Mein Ost-Berlin: Malisix-Diaprojektor

Malisix-Diaprojektor
Malisix-Diaprojektor © & Foto: Schöneberg Museum

Die Künstlerin Roswitha Baumeister nutzte diese Leihgabe Ende der 1980er Jahre als künstlerisches Produktionsmittel. Nach der Aktion „Berlinerinnenstadt“ in der Nacht des 10. Novembers 1989 am Rathaus Schöneberg projizierte sie zur Walpurgisnacht 1990 eigene Scherenschnitte auf die Fassade des Wasserturms in Prenzlauer Berg. Der Malisix-Diaprojektor war hier zum ersten Mal in Ost-Berlin im Einsatz.
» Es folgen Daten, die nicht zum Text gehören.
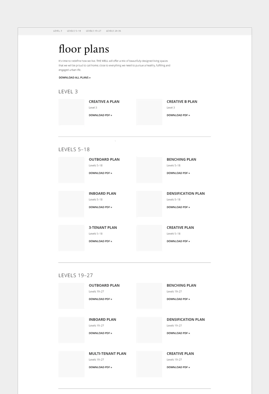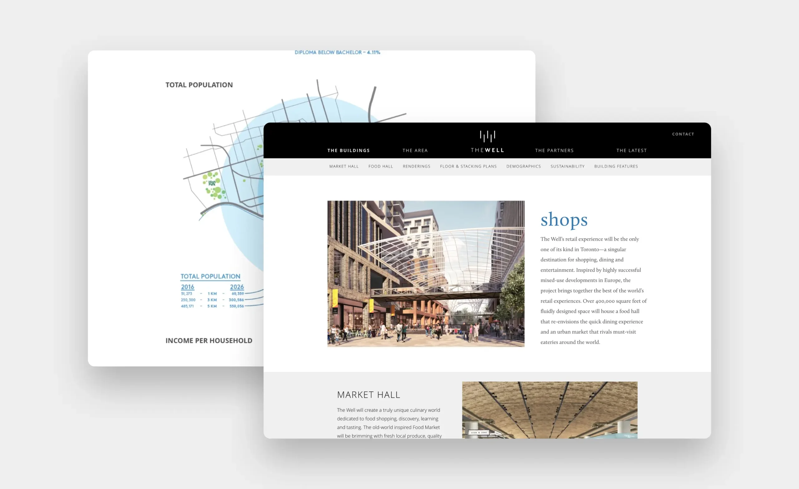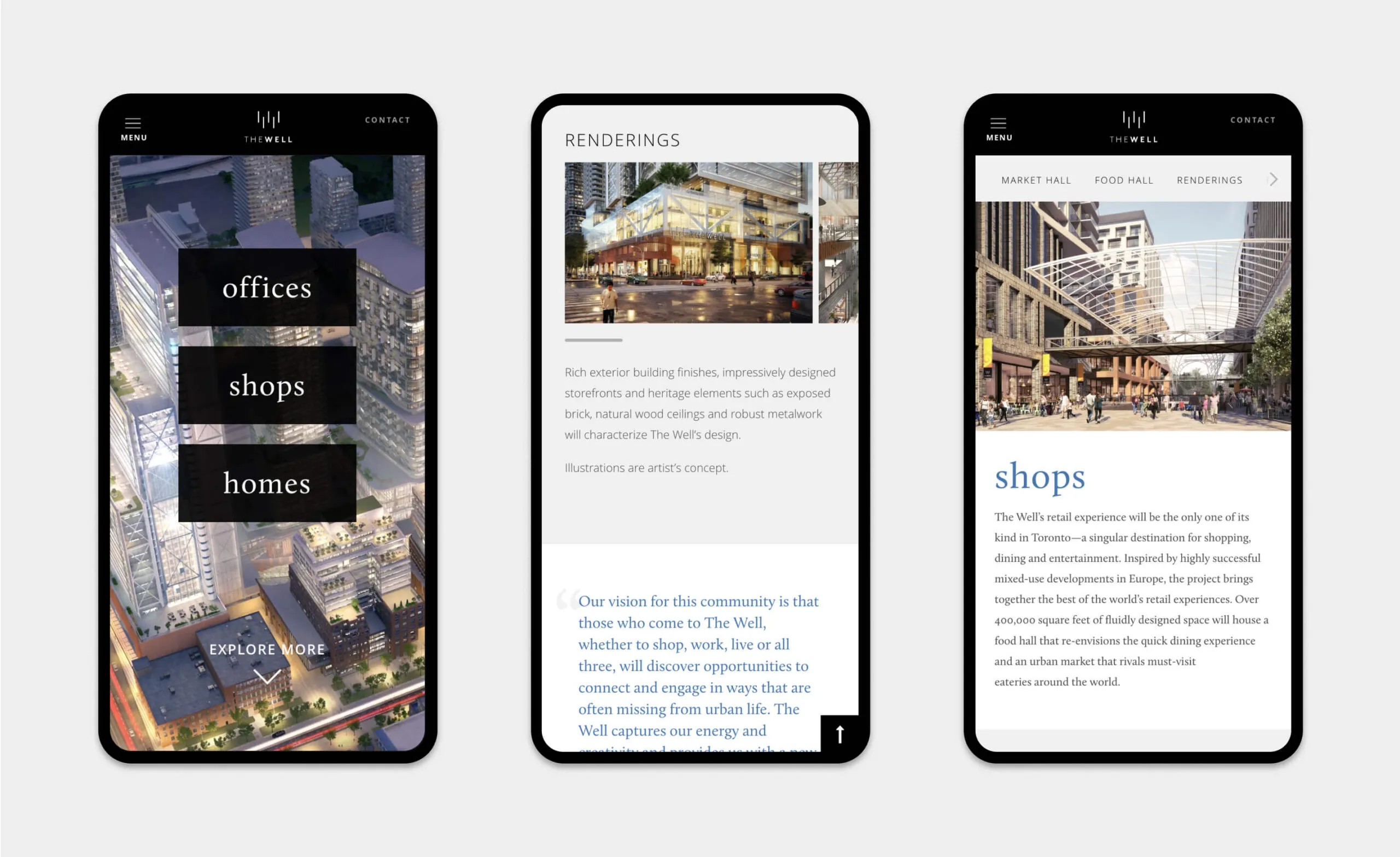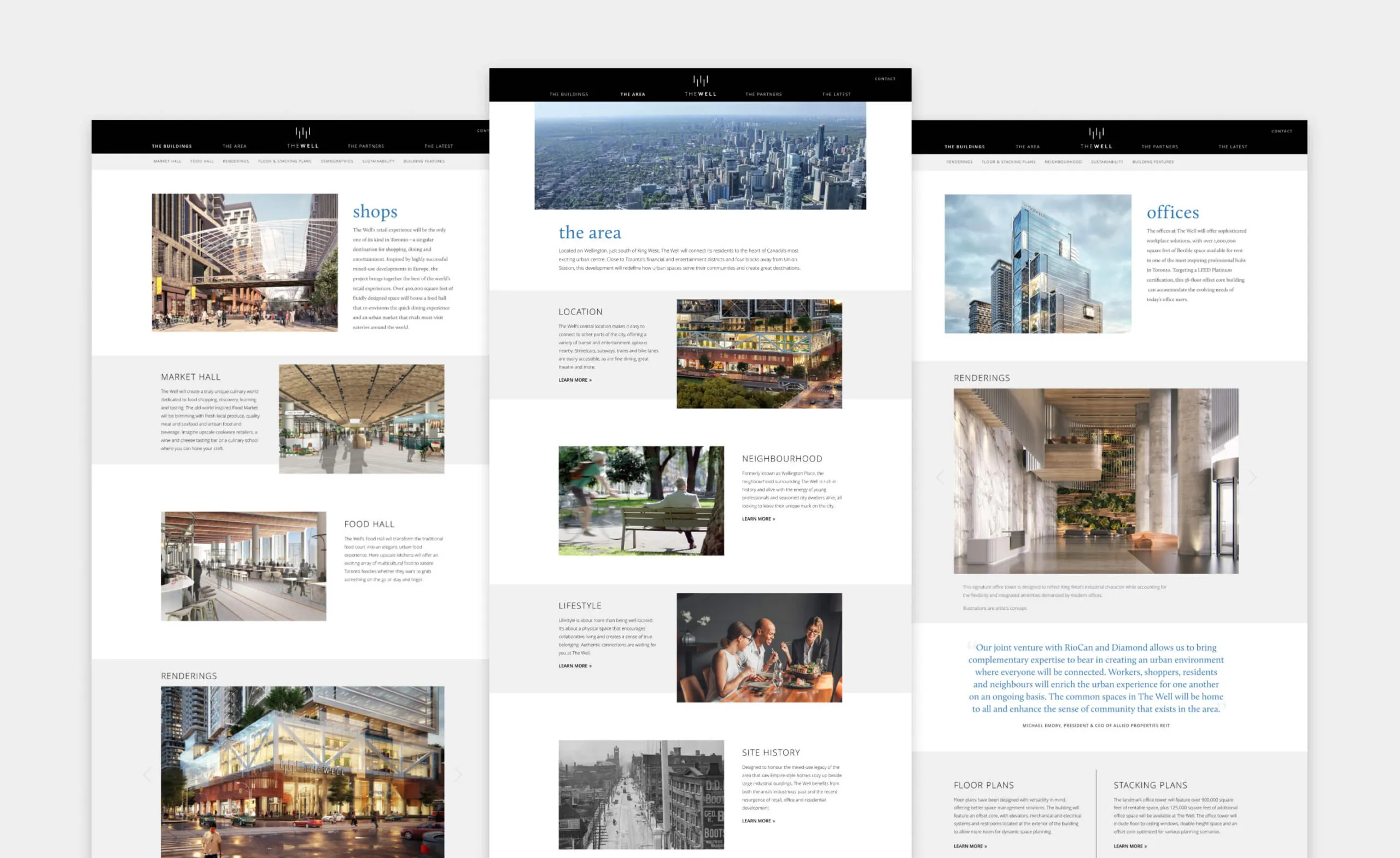 A website was created to showcase The Well’s various offerings, and provide an in-depth look at their residences, lifestyle amenities, flexible office spaces, retail locations, and the surrounding neighbourhood. Following an initial discovery phase, wireframes were created to determine an optimal strategy in presenting content and to create a dynamic and user-friendly experience.

In den Folgejahren kam es zu einem lebendigen Austausch innerhalb der Künstlerinnenprojekte „Pelze multimedia“ (Potsdamer Straße/Schöneberg) und „Cnemidophorus Uniparens“ (Knaackstraße/Prenzlauer Berg). Die daraus entstandenen Geschichten und Erinnerungen sind seit Januar 2019 auch als Teil der Ausstellung „Welcome to diversCITY“ im Jugend Museum zu sehen.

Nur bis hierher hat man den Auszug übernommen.